Al principio, aunque intenté ser amable y agradable,  se notaba que me estaba forzando. No soy buen actor. Pero, paulatinamente, el sentimiento de recelo que prácticamente no me había abandonado desde que desperté en el hospital comenzó a desaparecer, y hablamos con más confianza. Sin saber por qué, tenía la sensación de que podía confesarle cualquier cosa, y, haciendo acopio del valor necesario para expresarlo en voz alta, dije “¿Sabes? Creo que tengo miedo. No de lo que supone tener que volver a aprenderlo todo desde cero, como si fuera un niño. Eso no me importa, pero me aterroriza no estar a la altura de mí mismo, de la persona que era.
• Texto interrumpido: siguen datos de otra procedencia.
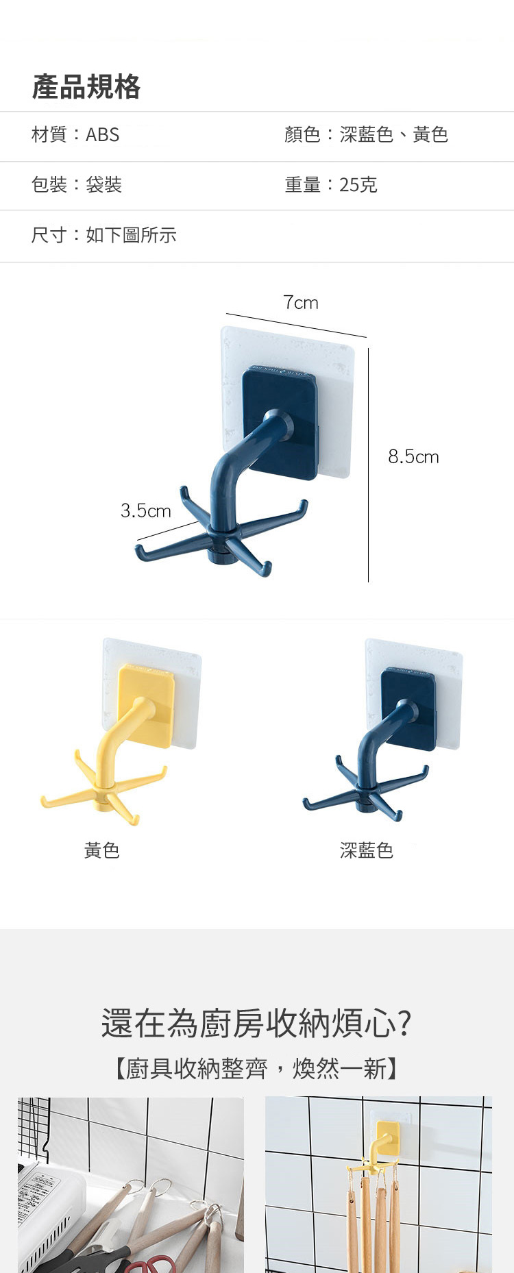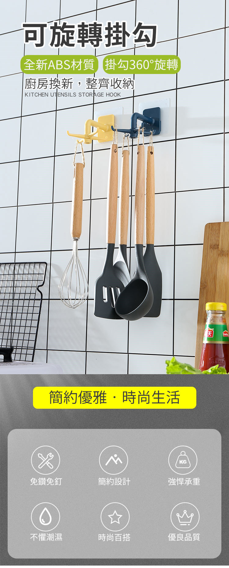無痕貼可旋轉收納掛勾 廚房收納、鑰匙、衛浴用品等

Es como si… ¡Ugh! Se me dan fatal las palabras; esa es la mejor descripción que puedo hacer. Sé que la persona con la que hablas ahora no es el mismo amigo con el que salías.” Juanfran esbozó una media sonrisa burlona y, poniéndome una mano sobre el hombro, me respondió “Mira, no sé si de verdad has cambiado, pero sí que es verdad que se te siguen dando fatal las palabras.”
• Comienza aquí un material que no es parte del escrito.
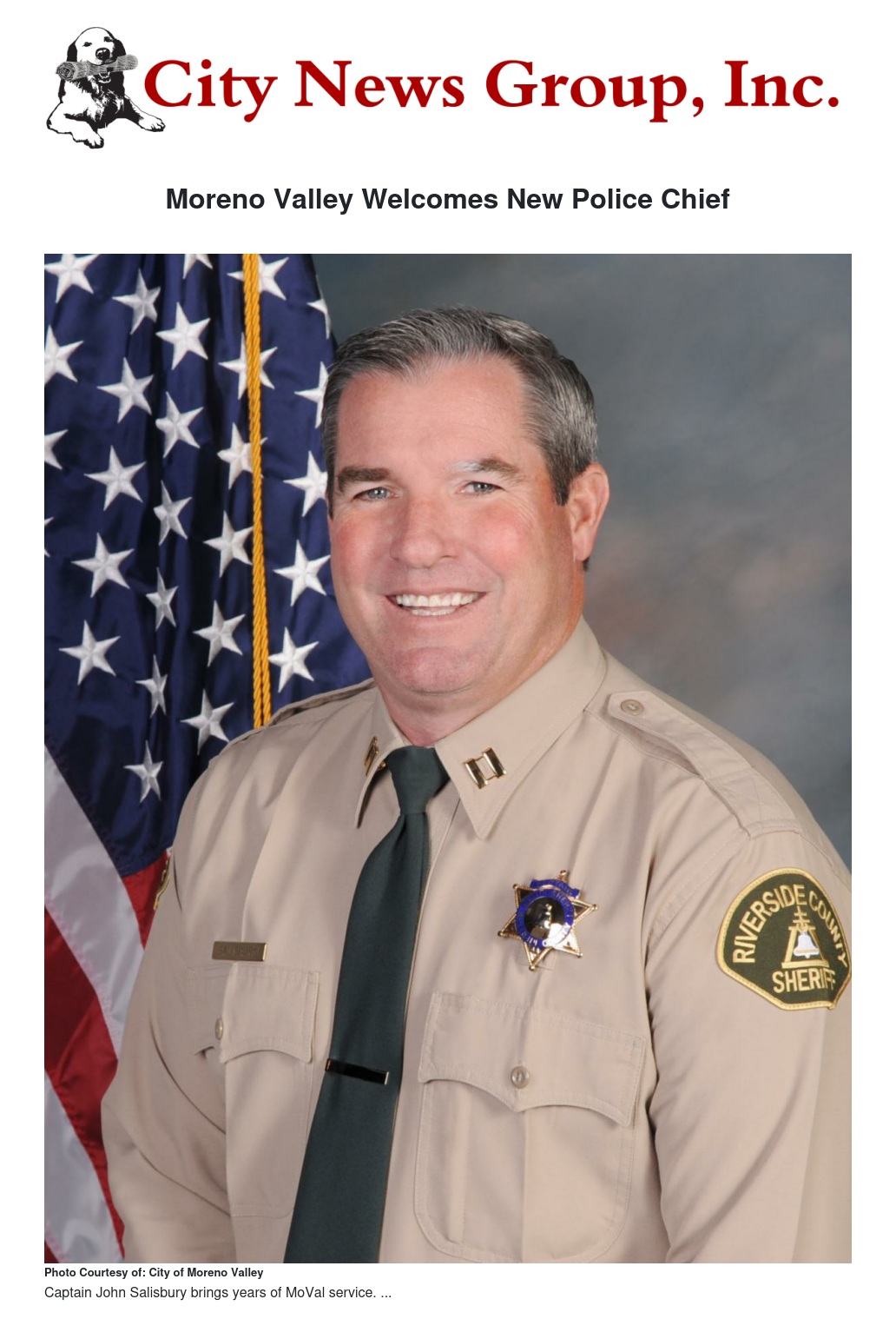 For newly appointed Moreno Valley Police Chief John Salisbury, the assignment is something of a homecoming. Salisbury served at Moreno Valley for seven years early in his 24-year career with the Riverside County Sheriff's Department.

Aquella afirmación, aquel defecto compartido conmigo mismo, pero, ante todo, aquella forma tan familiar de tratarme, me ayudaron más que todos los días de terapia.
De mucho mejor humor ya, asentí y sonreí, y le pedí que me contara cosas sobre el resto de nuestros amigos y nuestras anécdotas.
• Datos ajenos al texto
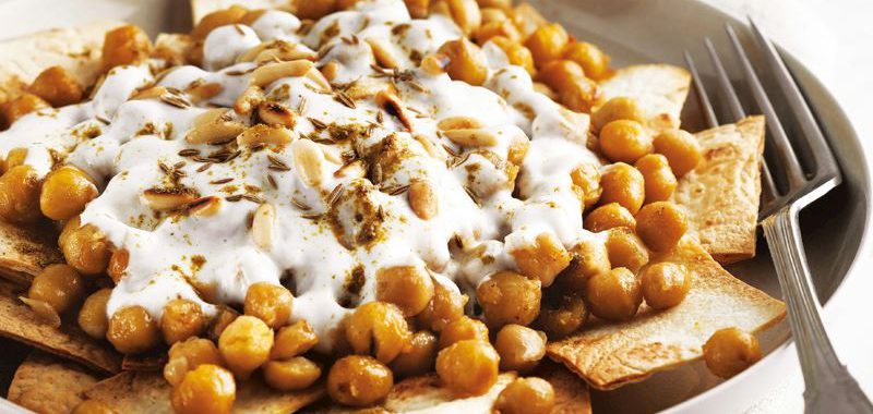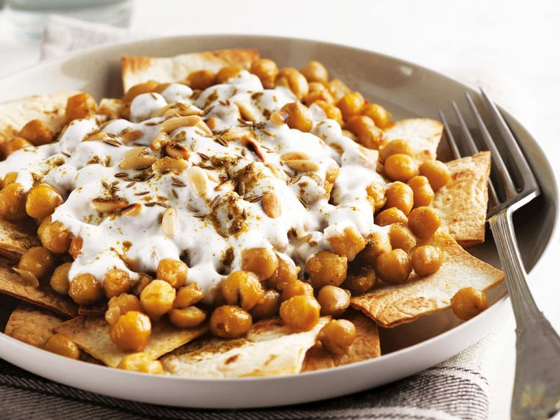 Haşlanmış nohut ve yemeklik doğradığınız soğanı zeytinyağında kavurun. Sebzeli çeşni ve tuz ile tatlandırıp ocaktan alın. Lavaş ekmeğini kare dilimleyip önceden ısıtılmış 180 derece fırında kızarana kadar pişirin. Kızaran lavaşları bir servis tabağına alıp üzerine nohutlu karışımdan ilave edin. Yoğurdu ayrı bir kasede çırpın. Ezilmiş sarımsağı ekleyip karıştırın ve nohutların üzerine gezdirin. Dolmalık fıstık ve kimyonla süsleyerek servis yapın.

Siguiendo el estricto horario marcado por la rehabilitación, las visitas de Juanfran –a las que se sumaron las de varios otros conocidos- y los libros que devoraba con voracidad, pasaron las semanas. Seguía sintiéndome terriblemente desorientado, pero mi actitud había cambiado; quería aprender todo lo posible y volver a ser una persona normal que no tiene que ir siempre acompañada cuando sale de casa. Mi estantería estaba repleta de libros, algunos ya ajados y amarillentos del uso, otros nuevos y todavía con ese olor tan peculiar que tan solo los amantes de la lectura aprecian como se merece, pero todos tenían en su interior un nuevo y apasionante mundo. Uno tras otro, sin seguir ningún orden en particular, fueron cayendo en mis ávidas manos, que recorrían sus páginas con la fascinación de un lector novel, ante el cual se abre un universo de posibilidades y placeres. Durante una de mis lecturas, tropecé con una frase que atesoré con especial cariño: “Un lector vive mil vidas antes de morir, el que no lee, solo una”, por un tal Jojen Reed. La verdad es que todavía no sé quién es, pero desde aquí le agradezco el apoyo que supuso aquella oración. Un lector vive mil vidas… Tal vez yo no necesitaba vivir tantas, pero sí que anhelaba con todo mi ser recuperar la que se me había arrebatado. Confiaba en que la lectura me ayudara a recuperar una parte de aquello que había perdido, y, por el momento, funcionaba.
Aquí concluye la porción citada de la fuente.